Id there an undocumented way to log the full xquery in BaseX server logs?
The maximum size of log entries can be adjusted via the option LOGMSGMAXLEN [1].
Cheers, Christian
[1] http://docs.basex.org/wiki/Options#LOGMSGMAXLEN
I've seen the -V option, but I don't use the standalone version, but: java -cp /usr/share/java/basex.jar org.basex.BaseXServer -d doesn't give me extra query info.
With kind regards, Menashè
On 02/03/2015 01:13 PM, Menashè Eliezer wrote:
Hi Christian,
Thank you! The performance arrives to 0.5 sec!
The biggest improvement is related to the query rephrasing you've suggested. Then the latest snapshot also helps a lot! You may want to know that in the log of the latest snapshot I see applying attribute index for "7827" which is not clear to the user, instead of BaseX80-20150130.124009 which has also used indexing: applying attribute index for ("ALKY", "AYMD")

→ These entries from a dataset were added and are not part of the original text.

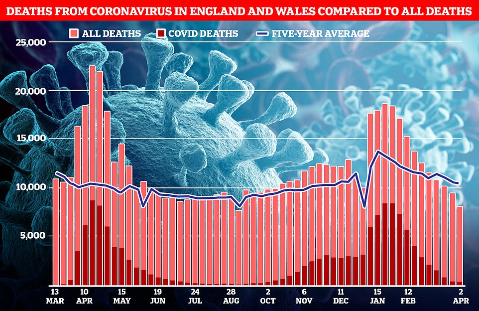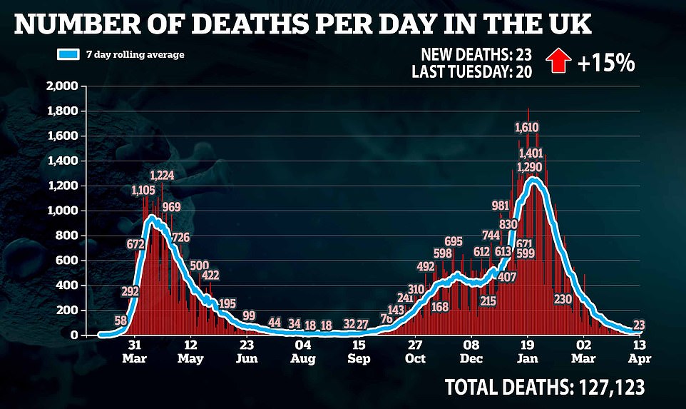如下图所示:在最近的4月2日这一周有400例死亡与新冠有关。相比之下,这是10月2日以来的最低水平。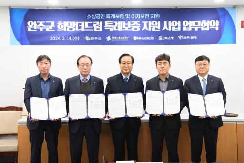 Áö³ 14ÀÏ ¿ÏÁÖ±ºÀº À¯ÈñÅ ¿ÏÁÖ±º¼ö, ÀüºÏ½Å¿ëº¸ÁõÀç´Ü ÇÑÁ¾°ü ÀÌ»çÀå, NH³óÇùÀºÇà ±è´ëÈ£ ÀüÁÖ¿ÏÁֽñºÁöºÎÀå, ÀüºÏÀºÇà ¼µÎ¿ø ºÎÇàÀå, ÇϳªÀºÇà ¿ì½Â±¸ ±¤ÁÖÀüºÏ¿µ¾÷º»ºÎÀåÀÌ Âü¼®ÇÑ °¡¿îµ¥ Ư·Êº¸Áõ »ç¾÷ Çù¾à½ÄÀ» °¡Á³´Ù.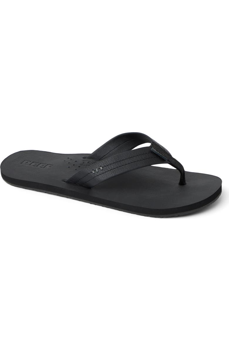 Reef 'Draftsmen' Leather Flip Flop, Main, color, Black/ Black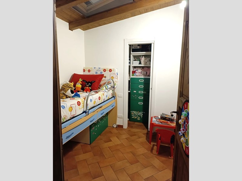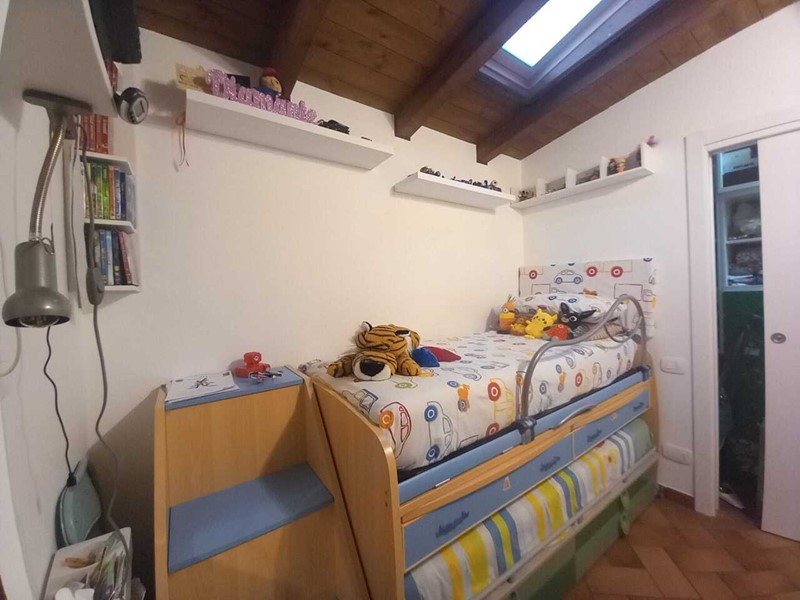 La camera matrimoniale è ampia, mentre la cameretta, dotata di cabina armadio, è ideale come stanza per bambini o studio.

I'm attaching the first and the second launch of the query using BaseXGUI. Relaunching the same query reduces the time from over 1 second to 0.5 second. Some data: BaseX80-20150130.124009 Total Time: 30676.02 ms After using "for $x in collection("ALL-CDIS")/gmd:MD_Metadata/gmd:identificationInfo/sdn:SDN_DataIdentification": Total Time: 5456.74 ms applying attribute index for ("ALKY", "AYMD") in log. Second launch: 1333.71 ms Latest snapshot (BaseX80-20150202.121033): 1st: Total Time: 1873.02 ms 2nd: Total Time: 548.62 ms
With kind regards, Menashè
On 02/02/2015 02:02 PM, Menashè Eliezer wrote:
Hi Christian,
Thank you very much! Unfortunately I'll be at the office only tomorrow.
Menashè
On Sat, 31 Jan 2015 16:42:32 +0100, Christian Grün christian.gruen@gmail.com wrote:
Hi Menashè,
With the latest snapshot [1], your original query should now be rewritten for index access as well. Looking forward to your tests,
Christian
PS: In terms of performance, it may still be worthwhile to move redundant paths to the for clause; but just try and see.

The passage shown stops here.